Fix: at execute time, re-resolve the original first-argument literal as a Lance catalog entry and route through LanceOpenDatasetForTable(), which handles the namespace REST API path. Fall back to the old LanceOpenDataset(dataset_uri) when the input is a plain path literal so the existing 'open by path' contract is preserved.

Changes:

  • Promote TryResolveLanceTableEntry() from a static helper in lance_search.cpp to a public symbol in lance_common.{hpp,cpp} so the search and maintenance code paths share one canonical implementation. The shared version uses OnEntryNotFound::RETURN_NULL and only catches ParserException, so genuine errors (auth failures, network errors, catalog corruption) are no longer silently swallowed by 'catch(...)'.
  • lance_maintenance.cpp: store the original first-argument literal alongside dataset_uri in LanceMaintenanceBindData, LanceAutoCleanupSetBindData, and LanceAutoCleanupShowBindData. At execute time, try TryOpenDatasetForMaintenanceInput() first (TryResolveLanceTableEntry + LanceOpenDatasetForTable) and only fall back to LanceOpenDataset(dataset_uri) when the input does not name a Lance catalog entry.
  • The displayed Target column now reflects the resolved real URI returned by LanceOpenDatasetForTable() instead of the virtual namespace handle.
  • Add test/sql/namespace_rest_maintenance.test exercising compact, cleanup, set / unset / show auto_cleanup against a REST namespace table. Gated by LANCE_TEST_NAMESPACE=1, mirroring namespace_rest_attach.test.

Compatibility:

  • Path-based callers (e.g. OPTIMIZE 'cos://bucket/x.lance') are unchanged: TryResolveLanceTableEntry short-circuits on inputs containing '/', '\', or '://' and the executor falls back to the original LanceOpenDataset() path.
  • Directory-namespace callers (e.g. OPTIMIZE dir_ns.main.tbl) are unchanged: dir-namespace tables are not IsNamespaceBacked(), so LanceOpenDatasetForTable() forwards to LanceOpenDataset(table.DatasetUri()) -- the same real path that the previous code was already using.

Root cause: maintenance table functions (compact / cleanup /
optimize_index / set_auto_cleanup / show_auto_cleanup) bind by passing
the first argument through ResolveLanceDatasetUri() and then call
LanceOpenDataset(bind_data.dataset_uri) at execute time.

For namespace-backed Lance tables, DefaultCatalogResolver returns
LanceTableEntry::DatasetUri(), which for REST namespaces is the
"virtual" handle 'endpoint + "/" + table_id' (e.g.
'http://host:2333/cat$sch$tbl'). lance-io cannot open that handle
directly -- the real cos:// / file:// location is only reachable through
the namespace REST API via LanceOpenDatasetForTable().
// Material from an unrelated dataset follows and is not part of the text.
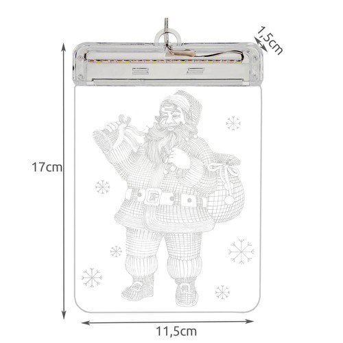 - SPECYFIKACJA - barwa światła: biała ciepła; wzór na witrażu: Mikołaj; ilość lampek w taśmie LED: 6; zasilanie baterie: 3 x AAA (brak w zestawie) wymiary: 17 x 11,5 x 1,5 cm; długość kabla: 19 cm; wymiary opakowania: 18 x 12,5 x 4,5 cm; waga: 108 g; waga w opakowaniu: 121 g.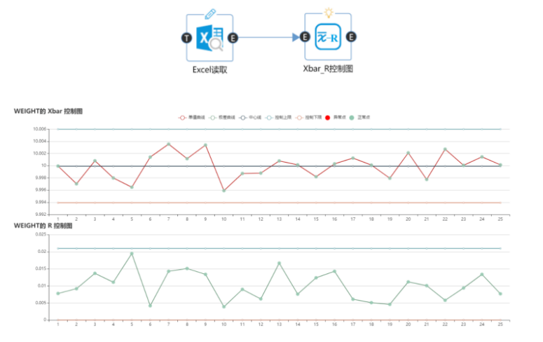 對于這個問題,由于子組容量小于9,且數據是數值型變量,最合適的控制圖方案是控制圖。將數據導入國工智能數據大腦平臺,通過控制圖分析后得到如下結果:

As a result, OPTIMIZE / VACUUM LANCE / SHOW MAINTENANCE / ALTER TABLE
SET AUTO_CLEANUP / ALTER TABLE UNSET AUTO_CLEANUP all fail with
'IO Error: Failed to open Lance dataset: http://...' whenever the
target is a REST namespace table. Directory namespaces are unaffected
because their DatasetUri() is already the real on-disk path.

Fix: at execute time, re-resolve the original first-argument literal as
a Lance catalog entry and route through LanceOpenDatasetForTable(),
which handles the namespace REST API path. Fall back to the old
LanceOpenDataset(dataset_uri) when the input is a plain path literal so
the existing 'open by path' contract is preserved.

Changes:
- Promote TryResolveLanceTableEntry() from a static helper in
  lance_search.cpp to a public symbol in lance_common.{hpp,cpp} so the
  search and maintenance code paths share one canonical implementation.
  The shared version uses OnEntryNotFound::RETURN_NULL and only catches
  ParserException, so genuine errors (auth failures, network errors,
  catalog corruption) are no longer silently swallowed by 'catch(...)'.
- lance_maintenance.cpp: store the original first-argument literal
  alongside dataset_uri in LanceMaintenanceBindData,
  LanceAutoCleanupSetBindData, and LanceAutoCleanupShowBindData. At
  execute time, try TryOpenDatasetForMaintenanceInput() first
  (TryResolveLanceTableEntry + LanceOpenDatasetForTable) and only fall
  back to LanceOpenDataset(dataset_uri) when the input does not name a
  Lance catalog entry.
- The displayed Target column now reflects the resolved real URI
  returned by LanceOpenDatasetForTable() instead of the virtual
  namespace handle.
- Add test/sql/namespace_rest_maintenance.test exercising compact,
  cleanup, set / unset / show auto_cleanup against a REST namespace
  table. Gated by LANCE_TEST_NAMESPACE=1, mirroring
  namespace_rest_attach.test.

Compatibility:
- Path-based callers (e.g. OPTIMIZE 'cos://bucket/x.lance') are
  unchanged: TryResolveLanceTableEntry short-circuits on inputs
  containing '/', '\\', or '://' and the executor falls back to the
  original LanceOpenDataset() path.
- Directory-namespace callers
  (e.g. OPTIMIZE dir_ns.main.tbl) are unchanged: dir-namespace tables
  are not IsNamespaceBacked(), so LanceOpenDatasetForTable() forwards
  to LanceOpenDataset(table.DatasetUri()) -- the same real path that
  the previous code was already using.
Copy link
Copy Markdown
Collaborator

@Xuanwo Xuanwo left a comment

Choose a reason for hiding this comment

The reason will be displayed to describe this comment to others. Learn more.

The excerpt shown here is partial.